PRODUCTS SOLD ON PEPTIDESLABEU.COM ARE FOR RESEARCH PURPOSES ONLY AND ARE NOT FOR HUMAN OR VETERINARY USE.
PRODUCTS SOLD ON PEPTIDESLABEU.COM ARE FOR RESEARCH PURPOSES ONLY AND ARE NOT FOR HUMAN OR VETERINARY USE.
Price range: €28.00 through €114.00
Sermorelin Acetate EU – Buy Online | In Stock & Ready to Ship
Buy Sermorelin Acetate in Europe with fast shipping and guaranteed ≥99% purity — verified with COA and HPLC documentation. A trusted choice for peptides EU research teams rely on, with no customs delays or lengthy international wait times. Whether you’re searching for Sermorelin Acetate Europe suppliers, looking to buy Sermorelin Acetate in the EU, or sourcing peptides Europe-wide, we have you covered. Research teams across the EU can count on consistent stock, rapid fulfilment and full batch documentation every time.
For research use only. Not intended for human or veterinary use.
Sermorelin Acetate is a synthetic 29-amino acid GHRH analogue peptide and the most extensively clinically validated truncated growth hormone releasing hormone research compound available to laboratories across Europe — a native-sequence GHRH(1-29) peptide that activates the GHRH receptor with authentic physiological pharmacophore geometry to produce episodic pulsatile GH release, making it the reference compound for physiological GH axis stimulation research, GHRH receptor pharmacology, and comparative GHRH analogue studies across EU institutions. Research institutions and laboratories across the EU can source verified, research-grade Sermorelin Acetate in Europe with fast dispatch and full batch documentation included.
✅ ≥99% Purity — HPLC & Mass Spectrometry Verified
✅ Batch-Specific Certificate of Analysis (CoA) Included
✅ Sterile Lyophilised Powder | GMP Manufactured
✅ Fast Dispatch Across EU & Europe | EU Peptides Stock
Sermorelin Acetate — H-Tyr-Ala-Asp-Ala-Ile-Phe-Thr-Asn-Ser-Tyr-Arg-Lys-Val-Leu-Gly-Gln-Leu-Ser-Ala-Arg-Lys-Leu-Leu-Gln-Asp-Ile-Met-Ser-Arg-NH₂ acetate — is the acetate salt of Sermorelin, the synthetic 29-amino acid N-terminal fragment of endogenous human GHRH(1-44) that retains the full biological activity of the complete native sequence. It is the minimal biologically active truncation of human GHRH — containing every residue required for full GHRH receptor binding and Gs-cAMP-PKA signal transduction activation, while omitting the C-terminal 15 residues of native GHRH(1-44) that structure-activity relationship studies established as non-essential for receptor activation.

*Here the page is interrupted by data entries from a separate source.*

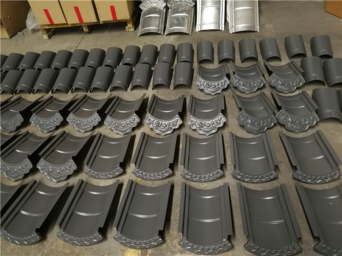 2.仿古金屬瓦一片一片的瓦片生產(chǎn)出來,工藝上更加仿古風(fēng)格,每種瓦片有自己的規(guī)格,安裝之前需要把屋面下面的預(yù)埋點(diǎn)多放一些,然后上面焊接龍骨來調(diào)平屋面的坡度,橫龍骨和豎龍骨,以及次龍骨比較密集,大螺絲安裝板瓦和筒瓦固定屋面;更加結(jié)實(shí);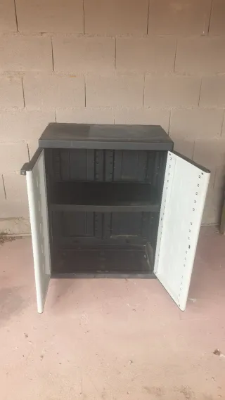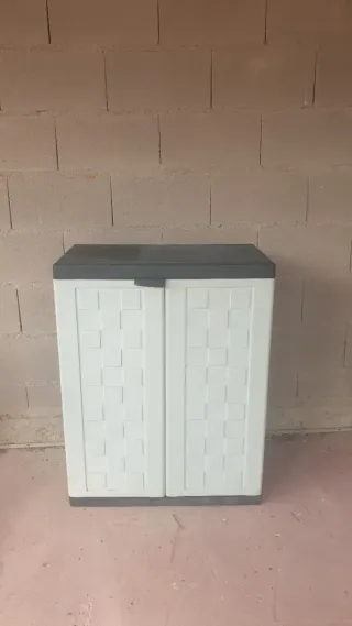 Armario de exterior con un diseño moderno y funcional. Perfecto para organizar tus herramientas y accesorios de jardín. - Estructura resistente a la intemperie. - Dos niveles de almacenamiento - Se encuentra montado - 35€ el conjunto de los 2 armarios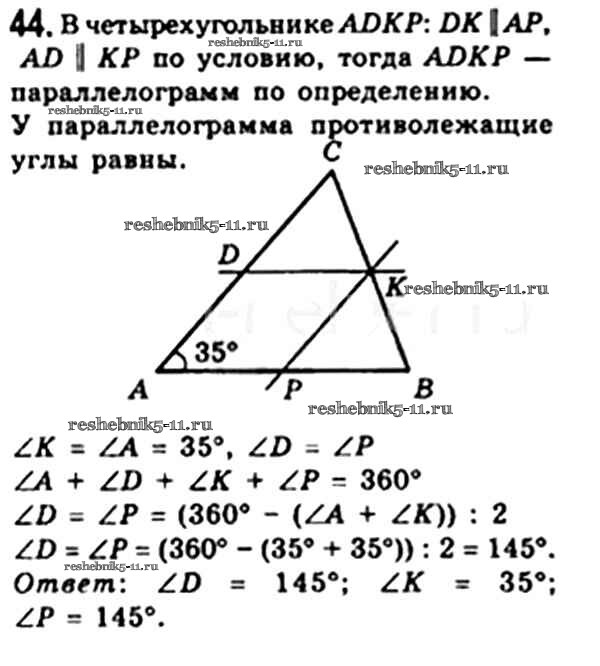 Готовая домашняя работа с ответами по Геометрии за 8 класс Мерзляк, Полонский, Якир Учебник Алгоритм успеха Вентана-граф 2015 ФГОС - § 2. Параллелограмм. Свойства параллелограмма 44

Sermorelin was developed and FDA approved as Geref — making it the only truncated GHRH analogue with formal regulatory approval and the most clinically characterised GHRH research compound available to European laboratories outside of Tesamorelin. Its native-sequence authenticity — containing the unmodified human GHRH(1-29) sequence without any amino acid substitutions — is its defining pharmacological characteristic and the quality that distinguishes it from all other GHRH analogue research peptides available in Europe including Modified GRF(1-29) and CJC-1295 With DAC. Where those compounds incorporate amino acid substitutions for proteolytic stability, Sermorelin preserves the exact native GHRH N-terminal sequence — making it the authentic physiological reference for GHRH receptor pharmacology research.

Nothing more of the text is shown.